What the task asks: Only a slice of the listing below is wanted. Retype the lines from the one containing "8回戦でプロデビューした7月" through the one containing "휴대폰 인증이 완료되면 위와 같이 '사용 설정'을 해줄 수 있습니다.", exactly, both ends included.
=== Provided data ===
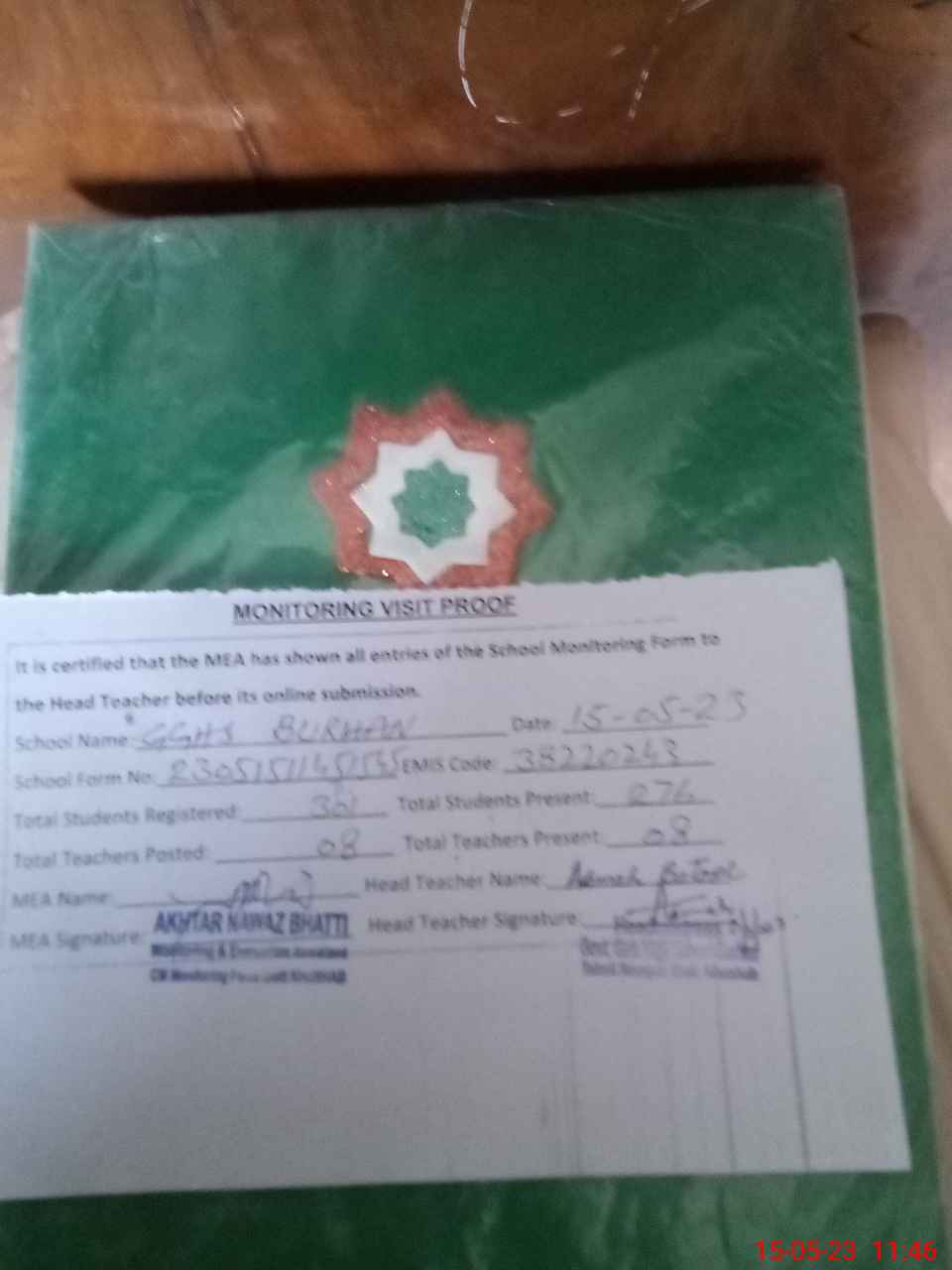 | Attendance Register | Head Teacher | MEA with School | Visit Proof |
===
=== Provided data ===
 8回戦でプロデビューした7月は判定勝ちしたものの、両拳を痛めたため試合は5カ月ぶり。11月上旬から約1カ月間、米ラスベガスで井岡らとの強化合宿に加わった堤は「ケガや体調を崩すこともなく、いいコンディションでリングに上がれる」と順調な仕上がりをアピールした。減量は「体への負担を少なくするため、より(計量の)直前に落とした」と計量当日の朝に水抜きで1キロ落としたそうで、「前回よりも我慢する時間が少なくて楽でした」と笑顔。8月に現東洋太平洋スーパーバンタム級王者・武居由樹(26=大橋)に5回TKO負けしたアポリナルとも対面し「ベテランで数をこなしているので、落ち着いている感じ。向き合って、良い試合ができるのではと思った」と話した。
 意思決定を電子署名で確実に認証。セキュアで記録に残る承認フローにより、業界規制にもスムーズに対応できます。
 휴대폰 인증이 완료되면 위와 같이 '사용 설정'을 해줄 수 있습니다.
===
Reply:
 8回戦でプロデビューした7月は判定勝ちしたものの、両拳を痛めたため試合は5カ月ぶり。11月上旬から約1カ月間、米ラスベガスで井岡らとの強化合宿に加わった堤は「ケガや体調を崩すこともなく、いいコンディションでリングに上がれる」と順調な仕上がりをアピールした。減量は「体への負担を少なくするため、より(計量の)直前に落とした」と計量当日の朝に水抜きで1キロ落としたそうで、「前回よりも我慢する時間が少なくて楽でした」と笑顔。8月に現東洋太平洋スーパーバンタム級王者・武居由樹(26=大橋)に5回TKO負けしたアポリナルとも対面し「ベテランで数をこなしているので、落ち着いている感じ。向き合って、良い試合ができるのではと思った」と話した。
 意思決定を電子署名で確実に認証。セキュアで記録に残る承認フローにより、業界規制にもスムーズに対応できます。
 휴대폰 인증이 완료되면 위와 같이 '사용 설정'을 해줄 수 있습니다.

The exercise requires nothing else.